Bernice is on fabulous form: one of the novel's highlights is a scene where she is tied to a laboratory stretcher (with a side order of impending doom) only to escape entirely thanks to her own skills.  It sort of undermines the capture, and we march right back to that locale a.s.a.p., but it's still way cool that she can take care of herself.  And Ace slips into her role as the Doctor and Bernice's protector (whether or not Benny needs one), her discomfort around the latter finally beginning to subside.  She's moving more towards Leela at this point, as the apparently fearless and reliable fighter of the group, but there are still glimmers of further dimensions.  There's a moment where she contemplates a different life (“'I sometimes wonder what it would be like,' Ace said softly.  'Get married, have kids, stay in one place and one time...'  Be a mother, she thought, but what kind?”), slyly and simultaneously underscoring the open wound that is her mother.  Less sly, there's a theme in the last dozen or so pages of Ace becoming addicted to violence, which is a valid concern, but the tool used – a parallel, the brutal Richmann – is too bluntly and all too briefly explored.  There just isn't time to get into it.

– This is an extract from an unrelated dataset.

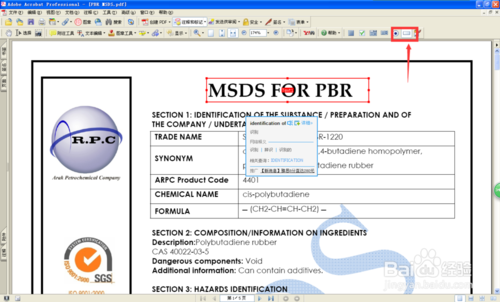 首先,用Adobe Acrobat 7.0 Professional軟件打開(kāi)文件,選擇【文本域工具】,然后將要修改的部分選中。
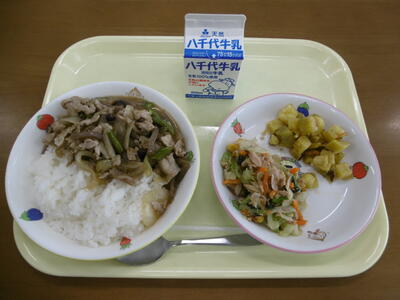 ・牛乳 ・みそ好き丼 ・小松菜とツナのサラダ ・キャラメルポテト

But that's White Darkness for you.  Historical record, zombie horror, wartime adventure, Doctor Who novel – there’s too much to choose from.  McIntee is a good writer with a keen interest in people, but focus is a vital, missing ingredient.  I slogged through the result dutifully enough, but for the most part merely keen to finish.

5/10

1 comment:

  1. I was curiously very unsatisfied by this novel. This book should have been terrific: Cthulhu plus Haitian voodoo set in the midst of an extremely interesting period in Haitian history: a coup d'etat in 1915 and the subsequent intervention by American marines. One good thing about this book: I was constantly motivated to research little tid bits of lore about Haiti: voodoo terminology and mythology, Haitian history and personalities, geography and general cultural history of the 1910s. I enjoyed very much how the author weaves the socio-political history in with the voodoo religion (for example there were petty and short-lived megalomaniacal emperors in Haitian history, and there are empereurs as chief priests of voodoo).

    However, the whole thing seems poorly written. Since I am neither a writer nor an academic student of literature, I cannot put my finger on the problem, but most of the passages were boring. Certainly the dialogue generally lacked cleverness, insight or humour, any one of which would have assisted.

    The Doctor is at times problematic in this one. The final confrontation between him and the villain Mait was not resolved by oratorical persuasion or improvised trickery, but rather by brute force.

    The Germans (it is 1915 after all) come across as cartoon Prussians, but it is a cartoon with too much actual slaughter and too little actual humour. The Haitian voodoo characters are very convincing, but the colourful and light side of Caribbean culture is neglected: some different scenes with a sense of carnival would have given the novel a richer Haitian atmosphere.

    The Cthulhu stuff does not really mix well with the voodoo except as a pseudo-scientific explanation. However I do like the hints at the history between the Time Lords and the Great Old Ones. Are the Vampires considered Old Ones?

    Ace is tempered in this book. She can kick ass like a grown up version of herself from "Remembrance of the Daleks," but she has lost the most psychotic tendencies from "Warhead" and "Lucifer Rising:" for example she feels genuine horror and remorse at her heat-of-the-moment killing of one villain. I liked her teaming up with the Haitian Captain Petion: it made Ace personable again and it showed the good side of the Haitian people.